Correspondence should be addressed to Zixin Liu; moc.361@509nixnix

Received 11 April 2017; Revised 21 July 2017; Accepted 26 July 2017; Published 28 August 2017

Academic Editor: Manuel De la Sen

Copyright © 2017 Zixin Liu et al. This is an open access article distributed under the Creative Commons Attribution License, which permits unrestricted use, distribution, and reproduction in any medium, provided the original work is properly cited.

Abstract

Based on the feature of projection operator under box constraint, by using convex analysis method, this paper proposed three robust linear systems to solve a class of quadratic optimization problems.
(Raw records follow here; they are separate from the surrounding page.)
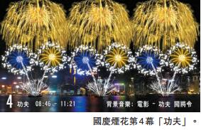 此外,国庆烟花汇演将於晚上9时在维多利亚港举行,历时约23分钟,市民可在维港两岸欣赏烟花汇演。是次烟花汇演由海南省港区政协委员联谊会赞助,由3艘趸船发放23888枚烟花弹,共分8幕,最具特色的分别是第4幕的「功夫」,烟花呈现犹如劲风,快如闪电的功夫招式。第7幕「海之歌」则有特别设计的水母和浮游生物图案。最後一幕「黄河下游」绚烂热闹,加上密集发放缤纷色彩的烟花,把整个烟花汇演推向高潮。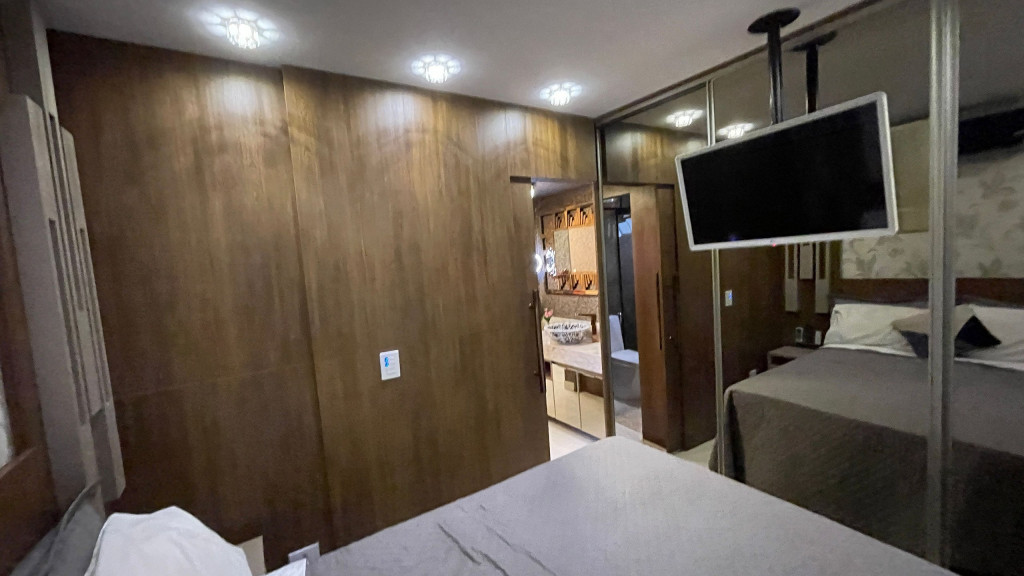 Possui cama de casal, cozinha, 2 AC, TV quarto e sala, adega, área de bar, WI-FI. Portaria 24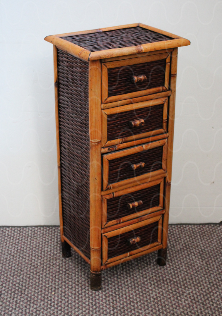 Kommode, Rattan hell, Bastgeflecht,5 Schubfächer,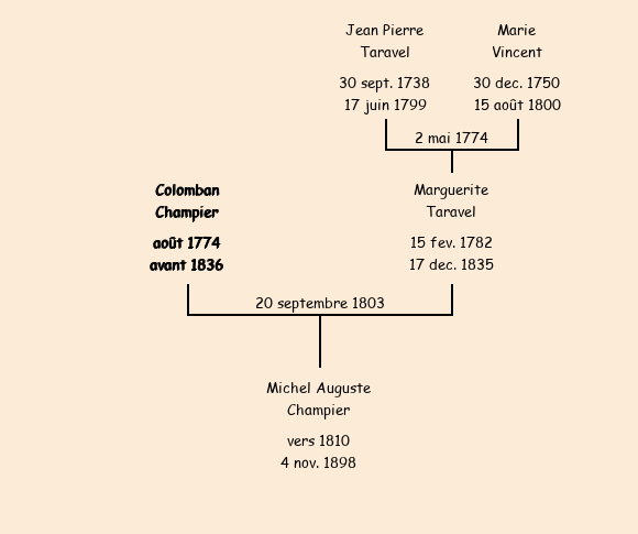 Epoux : Colomban Champier (né et habitant à Saint Jean de Maurienne), fils de feu Joseph et de Marie Gardet |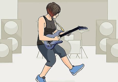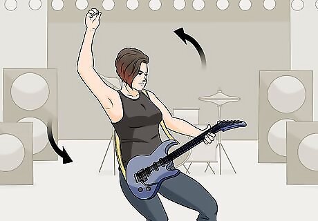 Change your position on stage and point your guitar in different directions to mix it up. Don't always point the end of your guitar off to the left of the stage. Sometimes, you can turn it toward the crowd so that you're sideways to the audience. You can also turn it to the back so you're sideways going the other direction. This just adds visual interest to your performance. You're not just standing there, still as a statue. You could also tip the neck up and play it that way for a while or lean over and play it downward toward the crowd.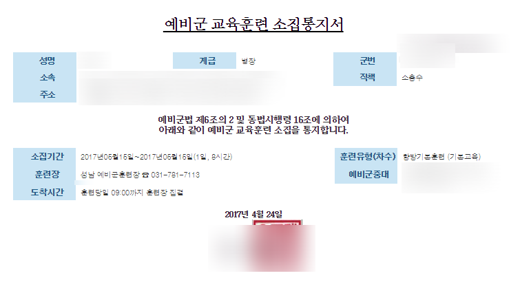 자료 :네이버 메일(예비군 교육훈련 소집통지서)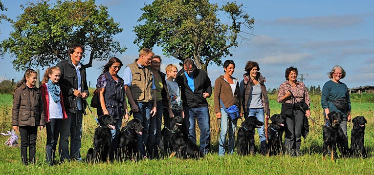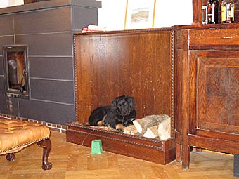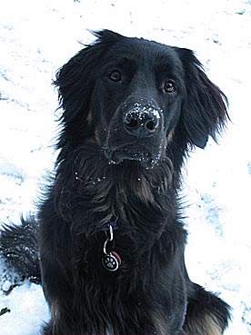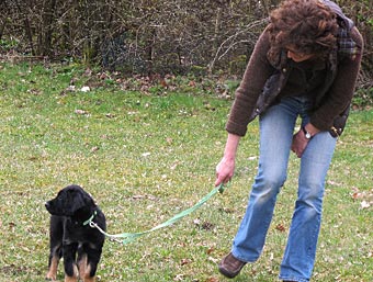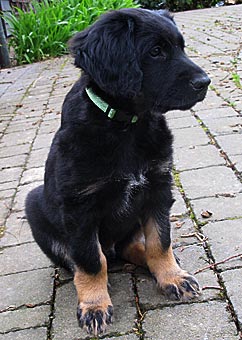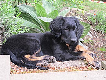Die erste Welpenstunde ist gut gelaufen - nachher waren alle Welpen richtig kaputt. Da es so frisch auf dem Platz war, ist C-Jay mit seiner Familie nachher zum aufwärmenden Kaffee zu Carlos gekommen. Carlos und C-Jay haben dann nur geschlafen! Carlos hat mittlerweile einiges in seinem neuen Zuhause erforscht und hat überhaupt kein Problem, im Garten in der Nähe vom Haus eine kurze Zeit alleine zu bleiben. Er hat Frauchen neulich sogar in der Dämmerung im Garten auf einen Hasen aufmerksam gemacht. Jeden Tag begleitet Carlos mit seinem Frauchen Jakob kurz auf den Weg zur Schule. Dann zeigt er immer wieder, wie freundlich, unerschrocken und interessiert er ist. Den Ochsenziemer hat Carlos ganz schnell hinter der Bank in Sicherheit gebracht > |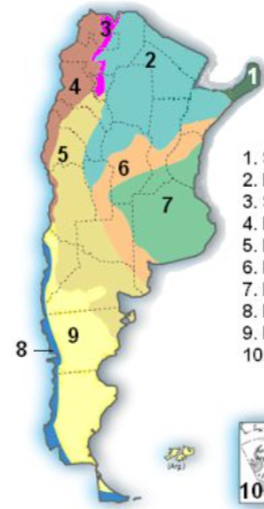 BIOMAS DE ARGENTINAVersión en línea localizar los distintos biomas de Argentina por lorena calderon 1 Bosque andino patagónico 2 estepa patagónica 3 Espinal 4 Selva misionera 5 Monte 6 Desierto andino 7 pastizal pampeano 8 Bosque chaqueño 9 selva tucumano-salteña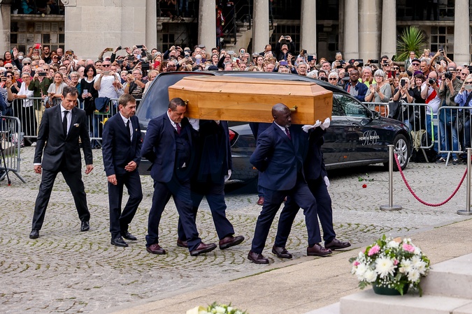 Arrivée du cercueil - Arrivées aux obsèques de l'auteure-compositrice-interprète et actrice française Françoise Hardy au crématorium du cimetière du Père-Lachaise à Paris, France, le 20 juin 2024. © Jacovides-Moreau/Bestimage Arrivals at the funeral of French singer-songwriter and actress Françoise Hardy at Père-Lachaise Cemetery in Paris, France, on June 20, 2024.

Utilizing linear matrix inequality (LMI) technique, eigenvalue perturbation theory, Lyapunov-Razumikhin method, and LaSalle’s invariance principle, some stable criteria for the related models are also established. Compared with previous criteria derived in the literature cited herein, the stable criteria established in this paper are less conservative and more practicable. Finally, a numerical simulation example and an application example in compressed sensing problem are also given to illustrate the validity of the criteria established in this paper.